**Directions for this task:** Please restate word for word the lines of the entries below from the one with "筆者以川南長(zhǎng)寧" to the one with "Abito a fiori", inclusive, and leave out every picture.

**Dataset records:**
┄┄┄┄┄┄┄┄┄┄

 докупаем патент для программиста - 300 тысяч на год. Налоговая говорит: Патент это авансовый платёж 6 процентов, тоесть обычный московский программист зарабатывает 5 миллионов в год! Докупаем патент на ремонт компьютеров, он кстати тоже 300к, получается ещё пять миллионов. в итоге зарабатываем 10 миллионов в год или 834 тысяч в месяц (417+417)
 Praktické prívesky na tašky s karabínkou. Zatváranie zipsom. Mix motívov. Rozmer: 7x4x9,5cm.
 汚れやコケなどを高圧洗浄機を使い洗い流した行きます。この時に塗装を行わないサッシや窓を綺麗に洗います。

┄┄┄┄┄┄┄┄┄┄

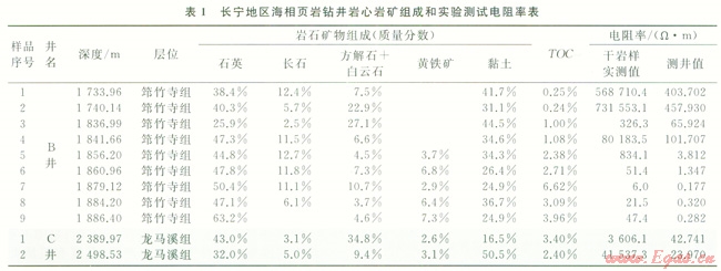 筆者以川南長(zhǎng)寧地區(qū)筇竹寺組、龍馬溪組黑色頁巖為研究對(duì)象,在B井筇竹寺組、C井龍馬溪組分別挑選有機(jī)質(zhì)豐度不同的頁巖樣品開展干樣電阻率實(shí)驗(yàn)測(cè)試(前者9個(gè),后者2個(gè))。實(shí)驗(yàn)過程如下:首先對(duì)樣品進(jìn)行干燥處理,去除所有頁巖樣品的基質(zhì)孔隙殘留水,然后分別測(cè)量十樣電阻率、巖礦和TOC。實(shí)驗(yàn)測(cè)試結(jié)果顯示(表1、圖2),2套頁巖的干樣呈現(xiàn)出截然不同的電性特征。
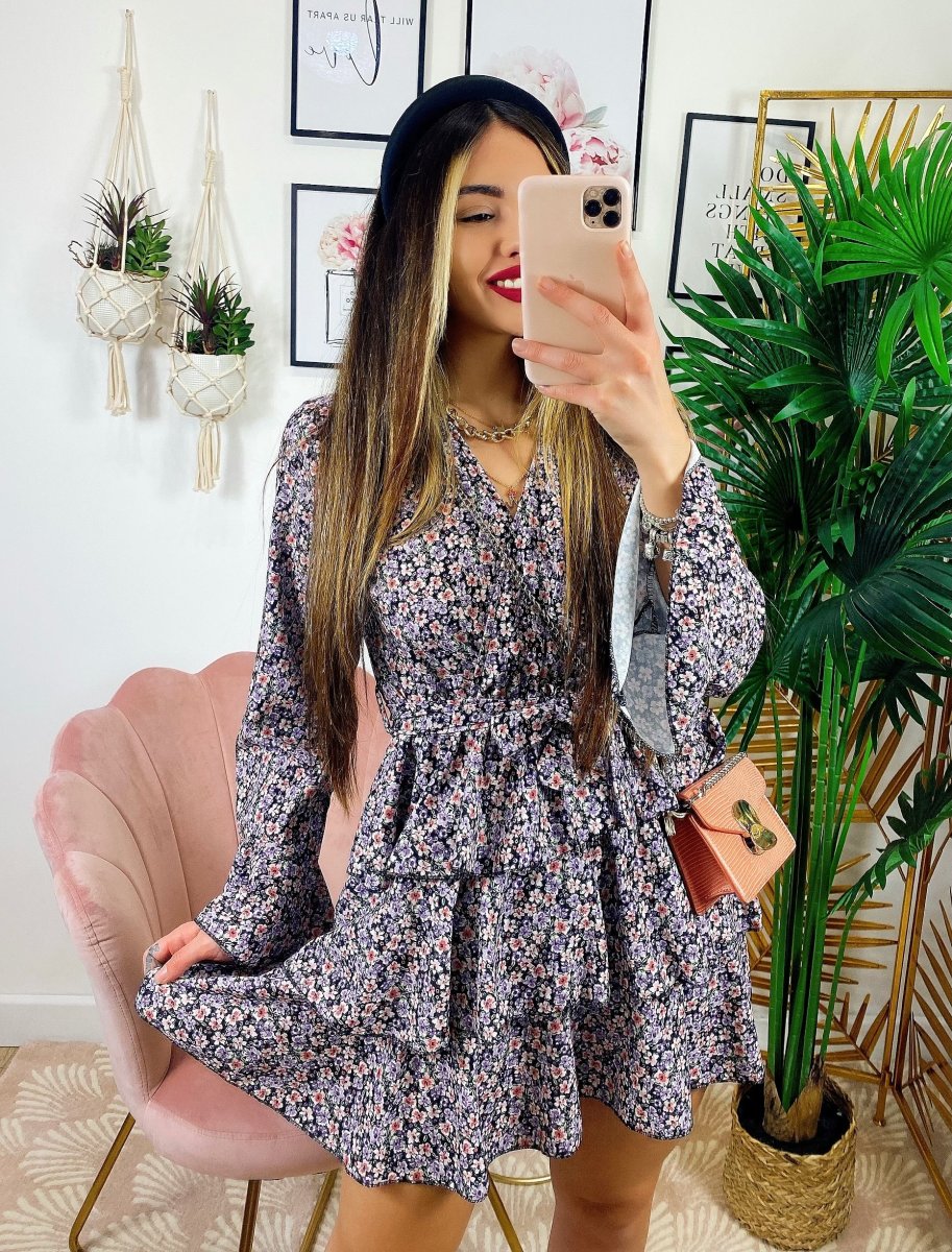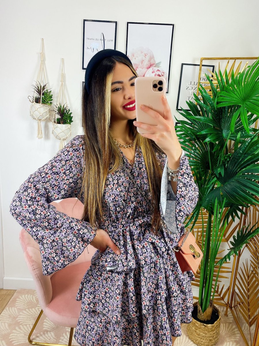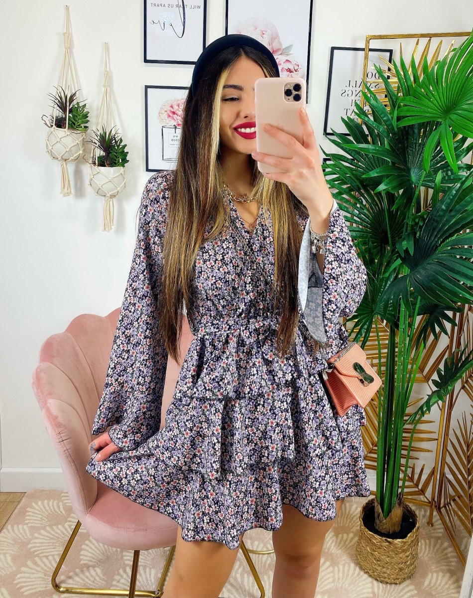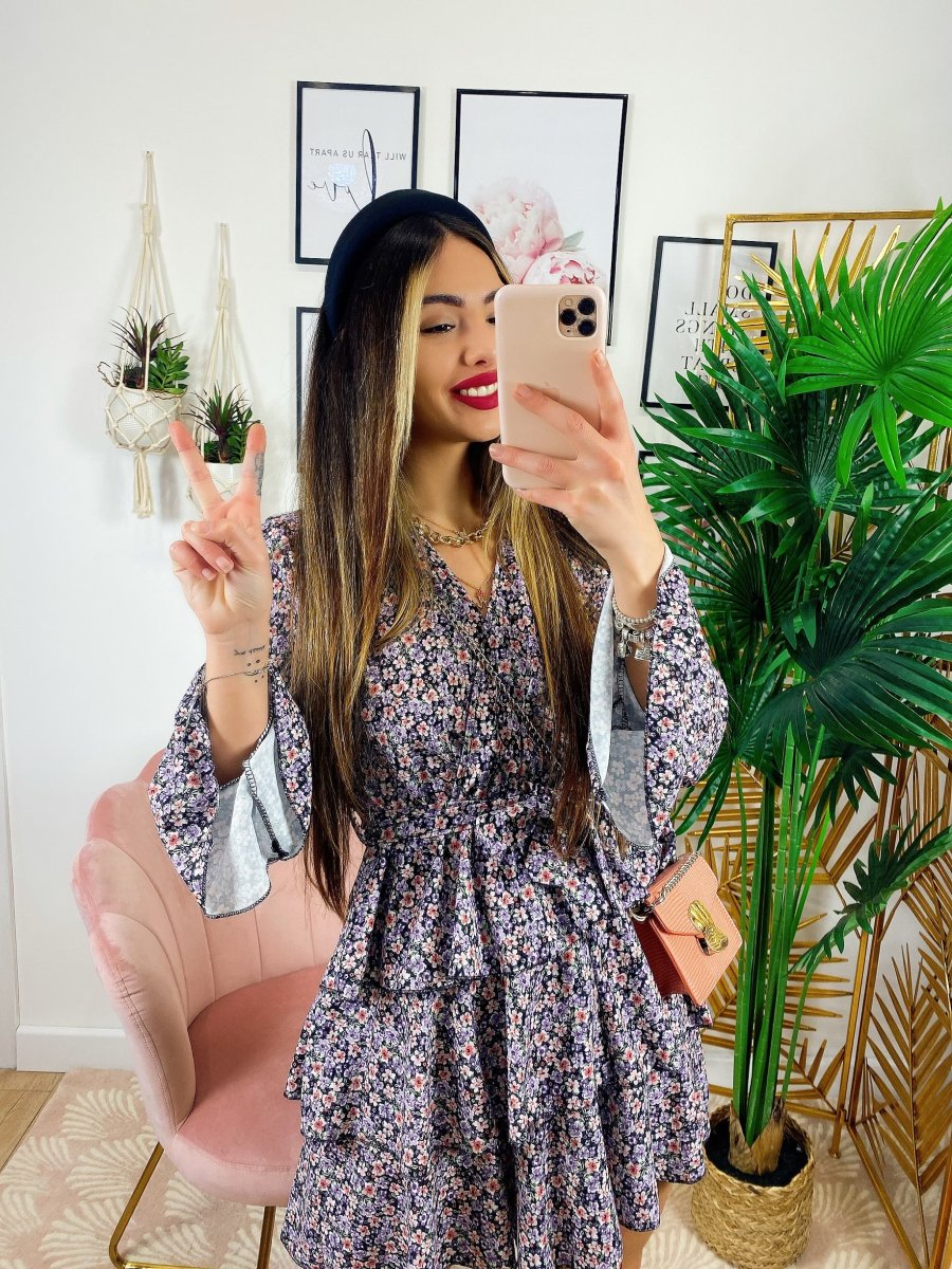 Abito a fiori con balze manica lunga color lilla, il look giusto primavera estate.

┄┄┄┄┄┄┄┄┄┄

**Answer box:**
 筆者以川南長(zhǎng)寧地區(qū)筇竹寺組、龍馬溪組黑色頁巖為研究對(duì)象,在B井筇竹寺組、C井龍馬溪組分別挑選有機(jī)質(zhì)豐度不同的頁巖樣品開展干樣電阻率實(shí)驗(yàn)測(cè)試(前者9個(gè),后者2個(gè))。實(shí)驗(yàn)過程如下:首先對(duì)樣品進(jìn)行干燥處理,去除所有頁巖樣品的基質(zhì)孔隙殘留水,然后分別測(cè)量十樣電阻率、巖礦和TOC。實(shí)驗(yàn)測(cè)試結(jié)果顯示(表1、圖2),2套頁巖的干樣呈現(xiàn)出截然不同的電性特征。
 Abito a fiori con balze manica lunga color lilla, il look giusto primavera estate.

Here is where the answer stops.